The t-SNE came along, which off-handedly mentions using delta-bar-delta, and the difficulty of optimization is never mentioned again. Conceptually it’s pretty straightforward, and I doubt most people had heard of this method outside of specialists in the neural network community.

Other methods have been used to optimize t-SNE or very similar cost functions: the NeRV paper used conjugate gradient, the Fast Multipole Method (FMM) used L-BFGS to optimize elastic embedding (EE) (PDF), the JSE paper optimizes JSE, NeRV, SNE and t-SNE using gradient descent with a diagonal approximation to the Hessian (similar to the method used in Sammon mapping) and the multi-scale SNE (PDF) and multi-scale JSE methods use L-BFGS (the latter again employing the diagonal Hessian approximation).

The Spectral Directions paper (with the same authors as the FMM-EE paper) introduced a quasi-Newton method using the Hessian based on a sparse approximation to just the attractive part of the t-SNE cost function.
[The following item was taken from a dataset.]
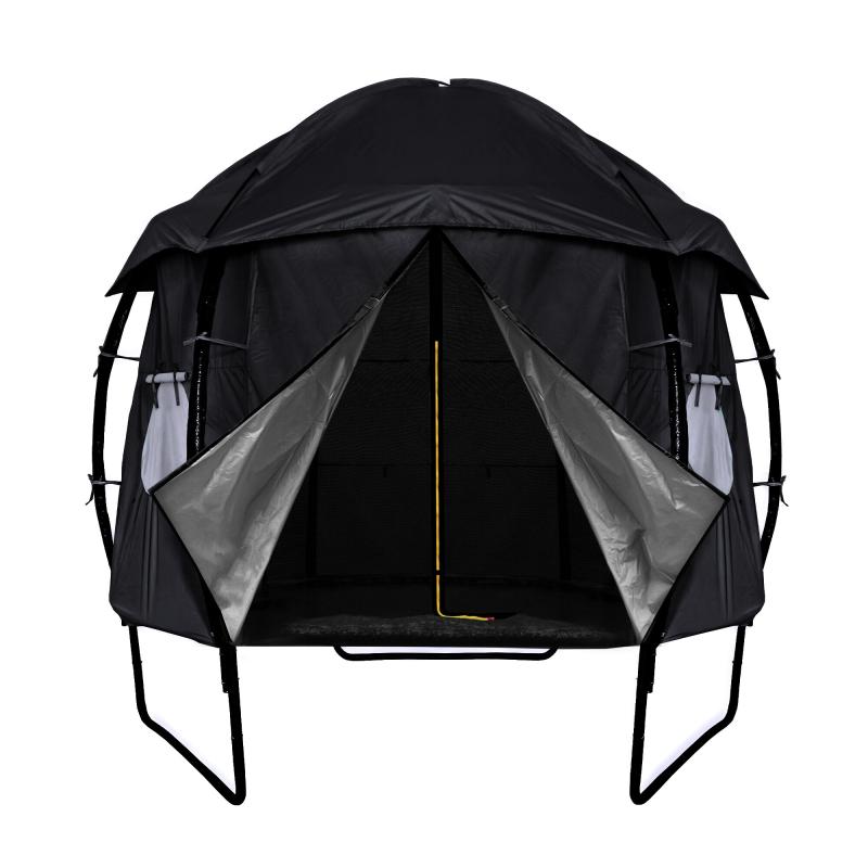 A v čase, keď trampolína nie je aktívne využívaná, pomáha stan chrániť odrazovú plochu pred znečistením a UV žiarením.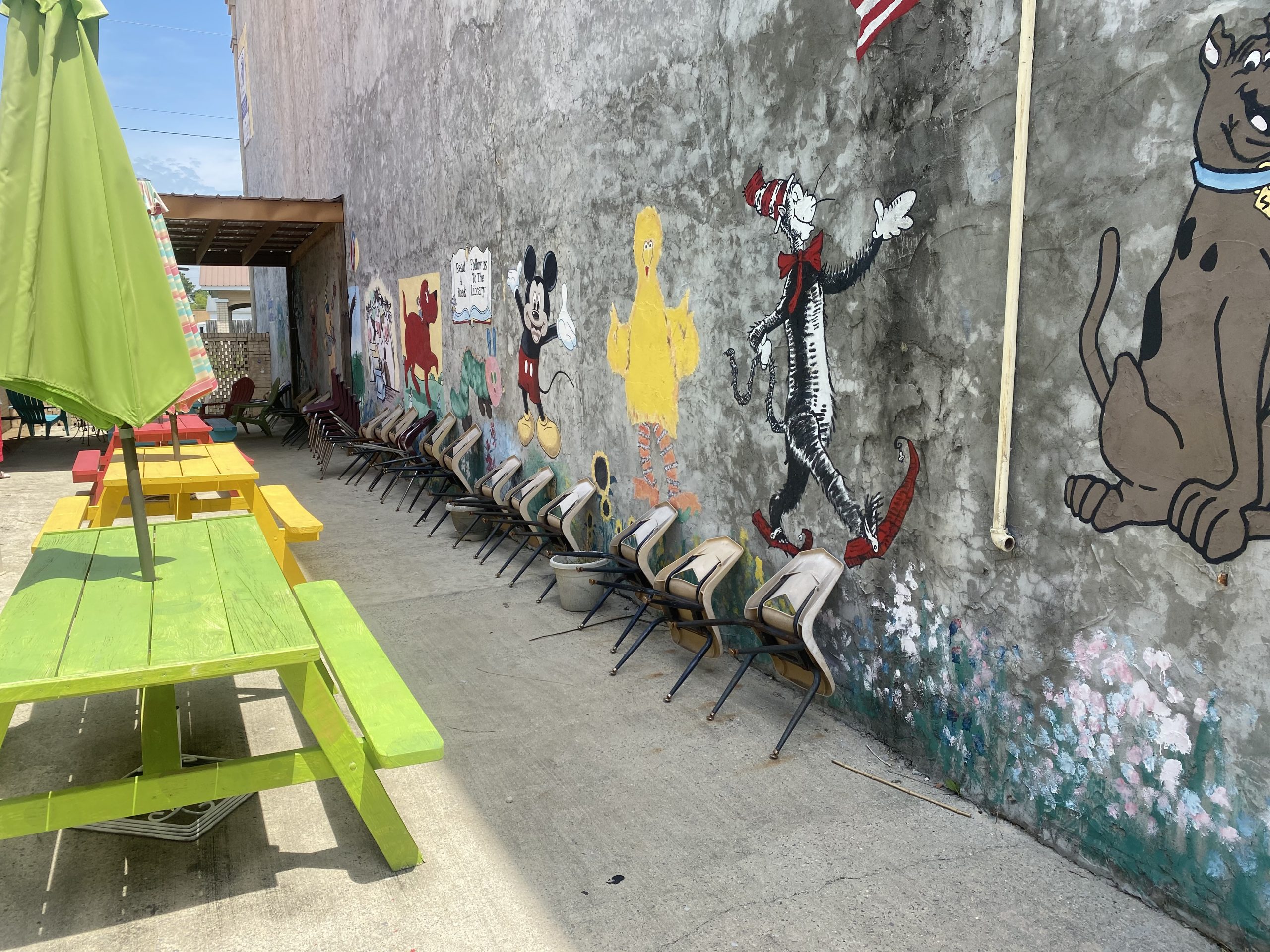 The hidden treasure of Hanceville Public Library is the beautiful outdoor space they have worked tirelessly to cultivate for the enjoyment of the children. It’s decorated with cartoon murals, colorful picnic tables and a beautiful wooden awning with built-in fan to provide shade and cool from notorious Alabama heat.

On a large dataset, it out-performed L-BFGS and conjugate gradient for optimizing t-SNE and EE although it didn’t compare the delta-bar-delta method for t-SNE, and only a back-tracking line search was used with L-BFGS. Nor is any early exaggeration used.

The JSE and multi-scale JSE papers use a series of optimizations with a decreasing perplexity (similar techniques are used in the SNE and NeRV papers), so it’s possible that other optimization methods do better when the input probabilities are modified during the initial iterations, although an increased perplexity would seem to have an opposite effect to early exaggeration in terms of relative emphasis on short and long distances.
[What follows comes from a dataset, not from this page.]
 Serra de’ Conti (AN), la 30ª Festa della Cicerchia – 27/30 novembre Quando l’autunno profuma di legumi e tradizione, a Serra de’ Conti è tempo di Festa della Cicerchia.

It should be noted that in the Spectral Directions paper, the differences between L-BFGS, CG and spectral direction became pronounced only when looking at a 20,000-member subset of the MNIST digits dataset. The JSE papers, for instance, don’t look at datasets larger than 6,000 items (although also sampled from the MNIST digits). The FMM-EE paper used 60,000 digits from MNIST (presumably the training set) but only compared L-BFGS with plain gradient descent.
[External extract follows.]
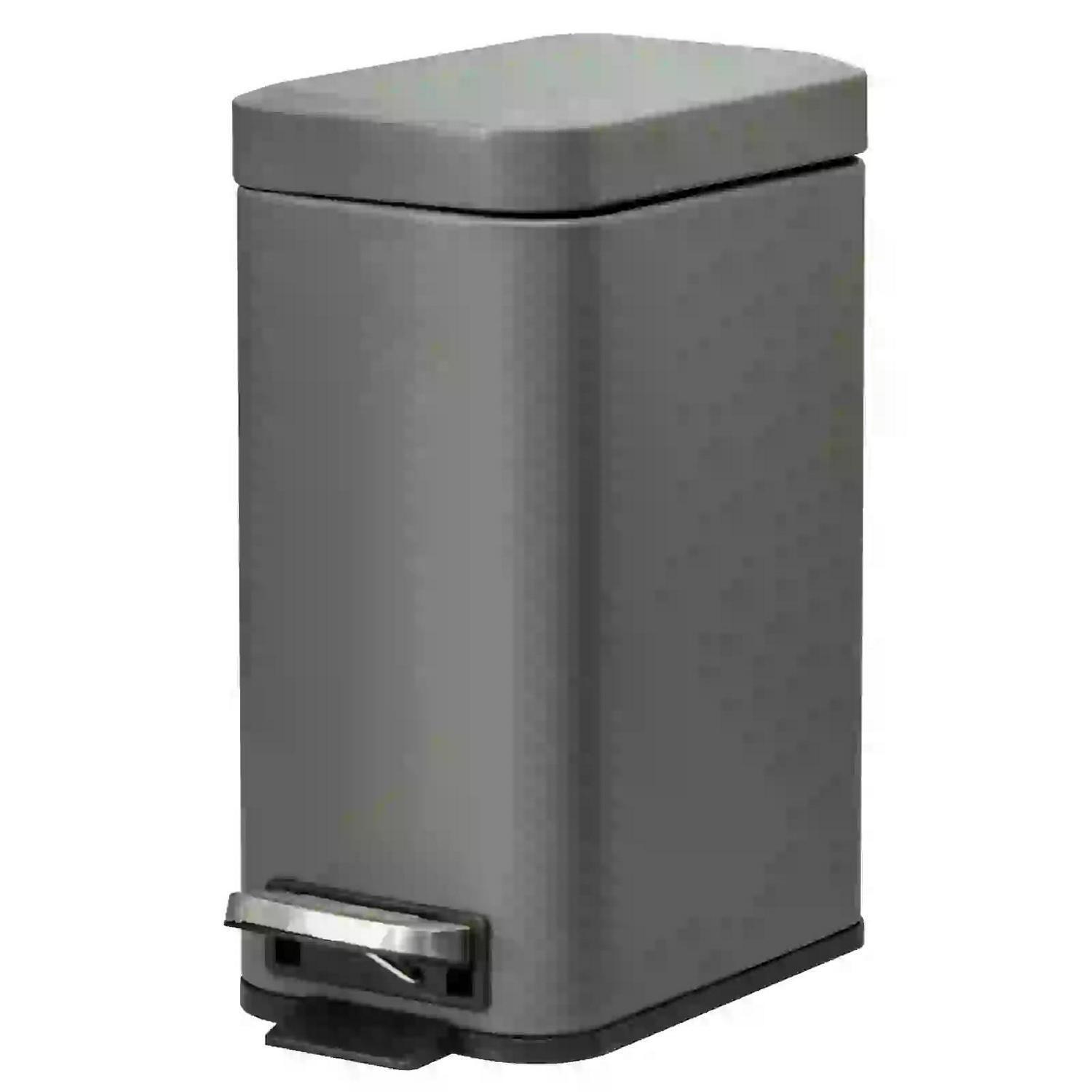 HOMCOM 5L Rectangular Compact Bin Steel Body Removable Bucket Quiet-Close Lid w/Pedal Lid Rubbish Trash Can Home Office Bedroom Bathroom Living Room Garbage Tidy Clean Grey

Yang and co-workers looked at Majorization-Minimization for optimizing t-SNE and compared it to L-BFGS, spectral directions and momentum-based methods for t-SNE with quite a variety of datasets of different sizes (up to N = 130 000). For some datasets they observe sub-optimal embeddings (L-BFGS) or outright divergence (spectral directions), but usually spectral directions outperforms L-BFGS in terms of the cost at a given amount of CPU time. However, their momentum method also out-performs L-BFGS, but it’s not clear how close this is to the DBD method: they describe it as being the addition of a momentum term to their gradient descent method, which in turn is described as using a line search. Also, they describe the momentum method as failing on the COIL-20 dataset due to a learning rate selection problem, but the original t-SNE paper has perfectly good results for COIL-20.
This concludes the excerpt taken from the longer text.